A prisão de Lula representará um golpe definitivo no petismo, tanto por razões jurídicas e policiais, como por razões políticas. Portanto, todos os cuidados e precauções que o juiz Sérgio Moro tiver na condução desse movimento decisivo para o sucesso do seu trabalho se justificam. E, quero crer, nos aproximamos do momento em que Moro decretará a prisão do capo do PT.
Por que? Porque há algum tempo já, a imprensa vem sendo abastecida com informações sobre as nebulosas relações de Lula com as empreiteiras da Lava Jato. No início a imprensa revelava os contratos de Lula como palestrante, seus valores e informações sobre eventual prática de tráfico de influência do ex-presidente, que teria usado seu poder sobre órgãos do governo Dilma para arrancar financiamentos do BNDES para seus clientes ou vender decisões governamentais em benefício de empresas ou segmentos empresariais que sustentam seu poder em troca de favores.

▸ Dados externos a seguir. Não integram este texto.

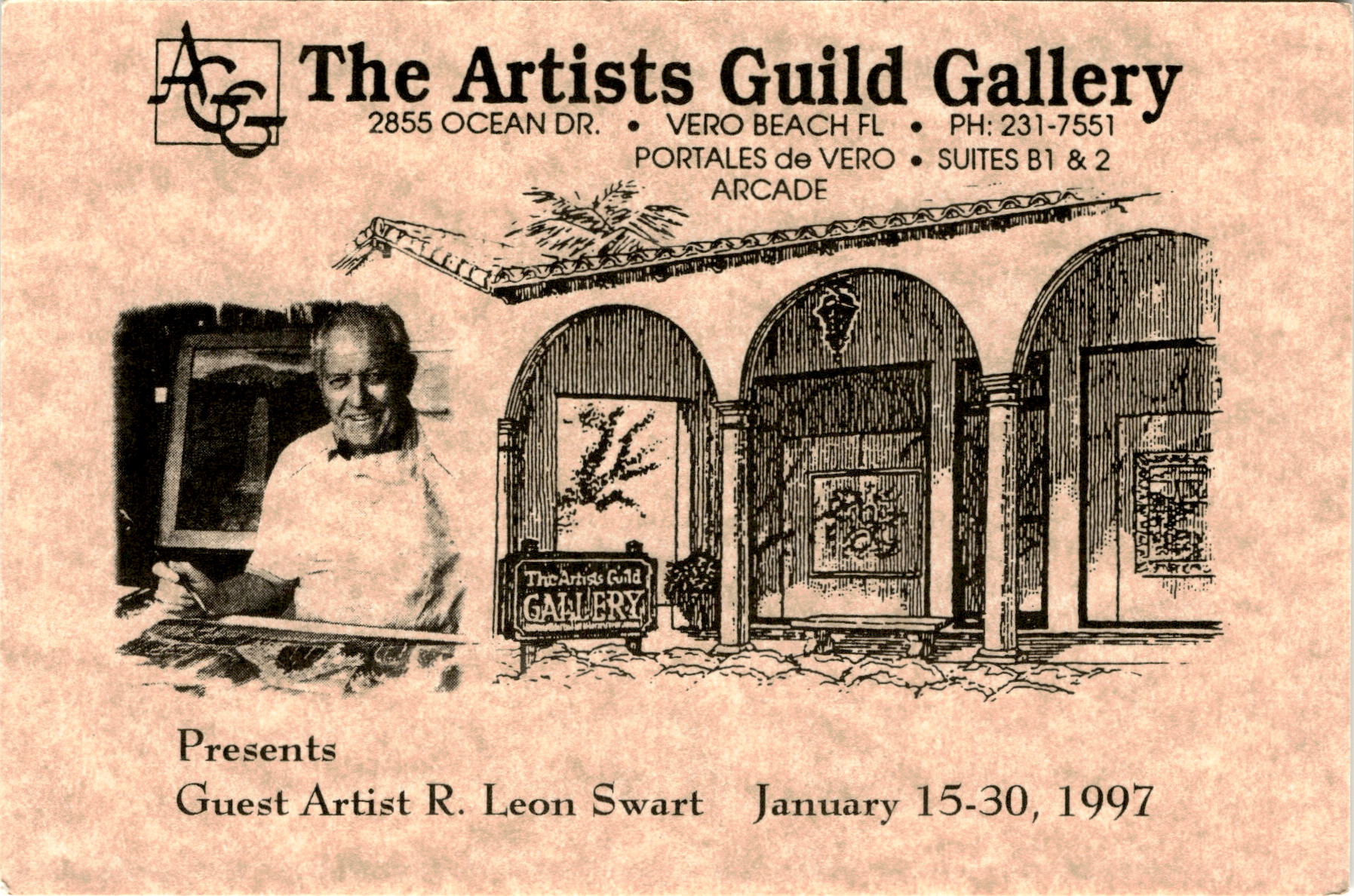 Back of PostcardThe postcard from The Artists Guild Gallery in Vero Beach, Florida, showcases the work of guest artist R. Leon Swart. The gallery is hosting an exhibition of Swart’s super realist watercolors and other art media from January 15-30, 1997. Visitors are invited to meet the Barefoot Bay artist at a reception on Friday, January 17 from 5:00-7:00 p.m.Located on Ocean Dr. in Vero Beach, the Artists Guild Gallery is known for featuring a variety of talented artists and their unique works. Swart’s exhibition promises to be a highlight for art enthusiasts in the area, with his stunning super realist watercolors sure to captivate viewers. The postcard serves as a reminder for art lovers to mark their calendars and attend the reception to meet the artist in person.The postcard not only serves as a promotional tool for the gallery and Swart’s exhibition, but also as a keepsake for those who attend the event. The design of the postcard, with its bold text and inviting imagery, reflects the vibrant and creative atmosphere of the Artists Guild Gallery. Whether you’re a longtime fan of Swart’s work or simply appreciate fine art, this exhibition is a must-see for anyone in the Vero Beach area during January 1997.

Mais recentemente as revistas e jornais começaram a revelar pagamentos suspeitos aos filhos e à nora de Lula. Igualmente soube-se que em seu depoimento ao Ministério Público de Brasília, Lula teria admitido que repassou a um ministro do governo Dilma, uma carta do governo cubano solicitando financiamento ao BNDES, revelando que as alegações do chefe do PT, de que atuava apenas como palestrante a serviço das empreiteiras pode não ser bem assim.
Não é de todo improvável que, os vazamentos gradativos de informações cada vez mais graves sobre a forma como Lula fazia seus negócios, obtinha contratos milionários e se remunerava por suas “palestras”, façam parte de uma inteligente estratégia para acostumar a opinião pública e os fiéis devotos de Lula com a ideia de que a prisão do chefe do PT é inevitável.
Não é de todo improvável, também, que, para estar vazando informações sobre repasses feitos a um sobrinho, aos filhos e à nora de Lula e sobre a atuação de José Carlos Bumlai, amigo íntimo e possível operador do ex-presidente, os investigadores da Lava Jato já tenham evidências e provas bem mais consistentes sobre o eventual envolvimento do próprio Lula no comando central do maior assalto aos cofres públicos de que sem tem conhecimento na história das democracias ocidentais.
A prisão de Lula, como se vê, não é algo simples. É uma medida que requer cuidados técnicos na condução do inquérito e suas investigações, mas, também, cuidados políticos. Além de produzir provas consistentes, faz-se necessário acostumar a sociedade e o petismo com a ideia de que a prisão do chefão é decorrência natural, óbvia e incontestável de seu envolvimento nos crimes investigados. E, tudo indica, Sérgio Moro está fazendo a coisa certa.
Quem pensa que o PT acabou está muito enganado. Quem subestima o inimigo perde a guerra. E não é impróprio usar o termo inimigo para classificar o partido que arruinou a economia, corrompeu as instituições, falsificou dados financeiros, mentiu aos eleitores, aniquilou valores e fez a opção pelo atraso que se evidencia na quebradeira da indústria, no descalabro da Saúde, na ruina da educação, na trava do comércio internacional com países que trariam vantagens e progresso ao País.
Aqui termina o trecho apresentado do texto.